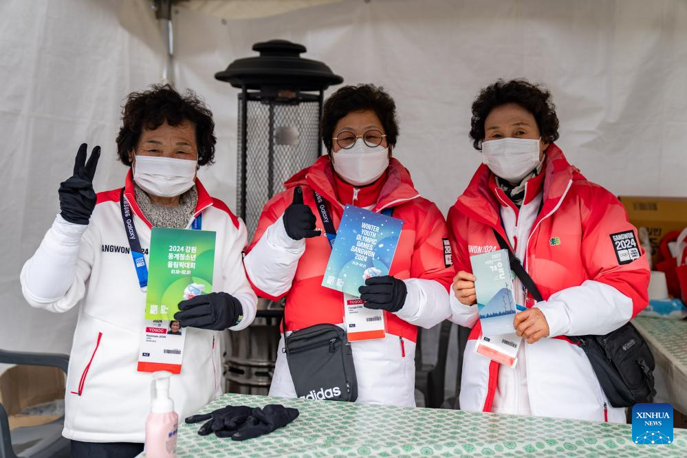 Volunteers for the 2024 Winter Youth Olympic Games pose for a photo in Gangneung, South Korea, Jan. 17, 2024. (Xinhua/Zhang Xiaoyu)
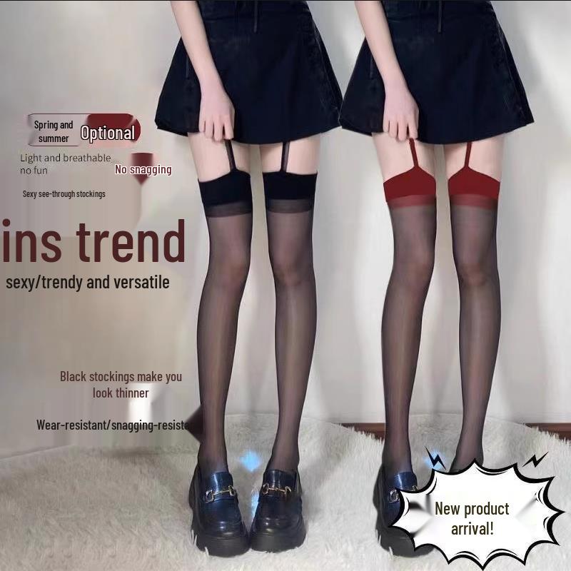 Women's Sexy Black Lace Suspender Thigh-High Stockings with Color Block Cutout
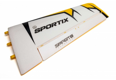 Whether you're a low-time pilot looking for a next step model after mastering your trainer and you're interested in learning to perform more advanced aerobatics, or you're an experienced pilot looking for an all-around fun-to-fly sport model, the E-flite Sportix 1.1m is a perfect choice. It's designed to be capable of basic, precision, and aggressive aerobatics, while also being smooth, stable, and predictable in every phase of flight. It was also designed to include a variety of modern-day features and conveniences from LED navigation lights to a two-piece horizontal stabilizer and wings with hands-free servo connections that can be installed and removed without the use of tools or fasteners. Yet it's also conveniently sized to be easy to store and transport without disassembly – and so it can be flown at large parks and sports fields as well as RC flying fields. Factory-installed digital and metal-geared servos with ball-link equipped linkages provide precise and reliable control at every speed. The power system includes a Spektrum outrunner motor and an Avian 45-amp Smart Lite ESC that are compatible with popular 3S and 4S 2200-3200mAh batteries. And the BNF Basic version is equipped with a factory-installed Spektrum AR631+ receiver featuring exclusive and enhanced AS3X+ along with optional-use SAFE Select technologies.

---

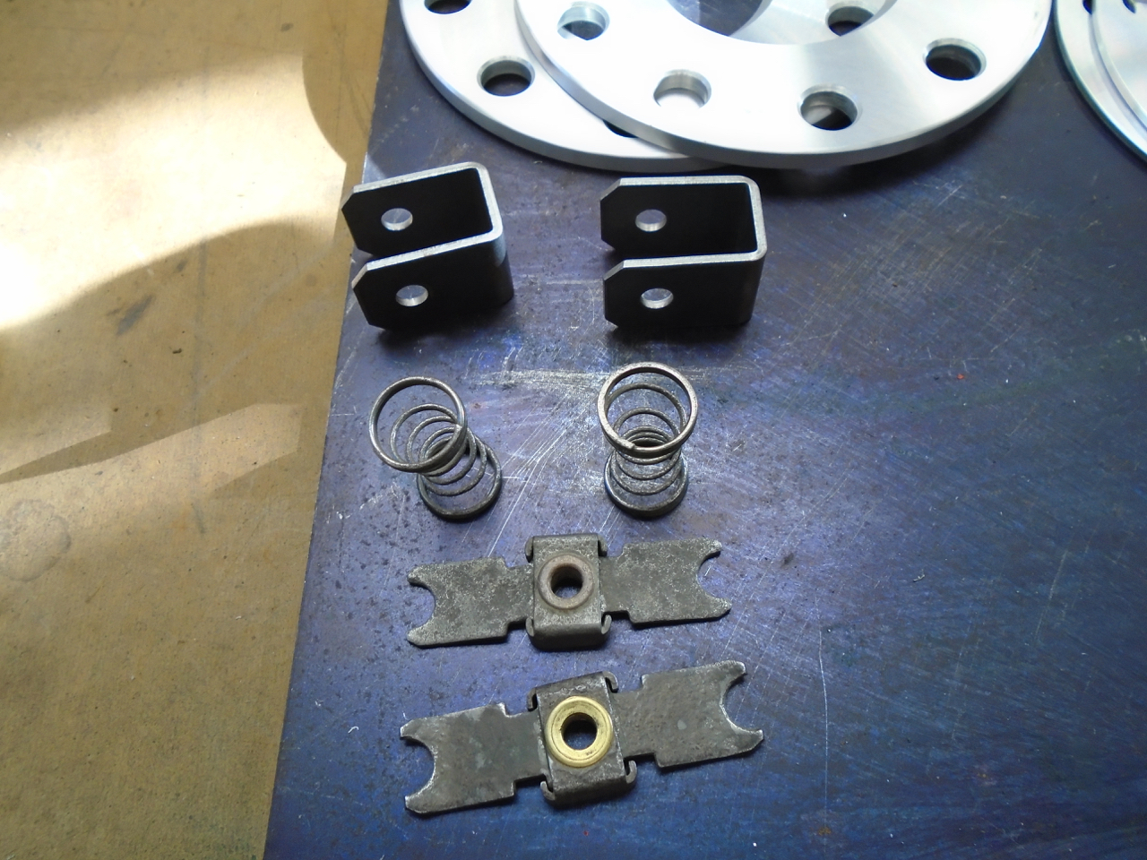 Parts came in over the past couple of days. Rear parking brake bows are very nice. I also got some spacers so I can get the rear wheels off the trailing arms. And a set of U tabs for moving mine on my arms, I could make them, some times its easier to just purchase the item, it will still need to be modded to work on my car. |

---

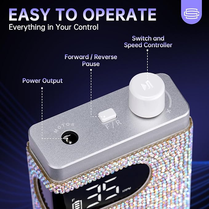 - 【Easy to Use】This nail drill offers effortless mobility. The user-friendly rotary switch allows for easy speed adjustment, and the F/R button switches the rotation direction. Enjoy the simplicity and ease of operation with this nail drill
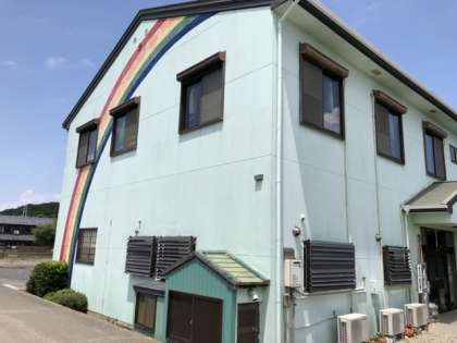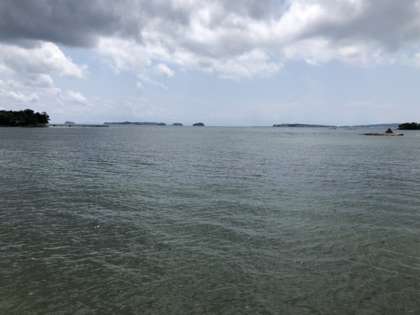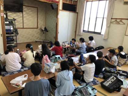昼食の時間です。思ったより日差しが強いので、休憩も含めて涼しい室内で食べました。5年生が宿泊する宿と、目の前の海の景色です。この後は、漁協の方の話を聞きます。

---

Please set down, exactly and with no pictures, the lines in the entries above starting at the one holding "Volunteers for the" and ending at the one holding "Women's Sexy Black", ends included.

 Volunteers for the 2024 Winter Youth Olympic Games pose for a photo in Gangneung, South Korea, Jan. 17, 2024. (Xinhua/Zhang Xiaoyu)
 Women's Sexy Black Lace Suspender Thigh-High Stockings with Color Block Cutout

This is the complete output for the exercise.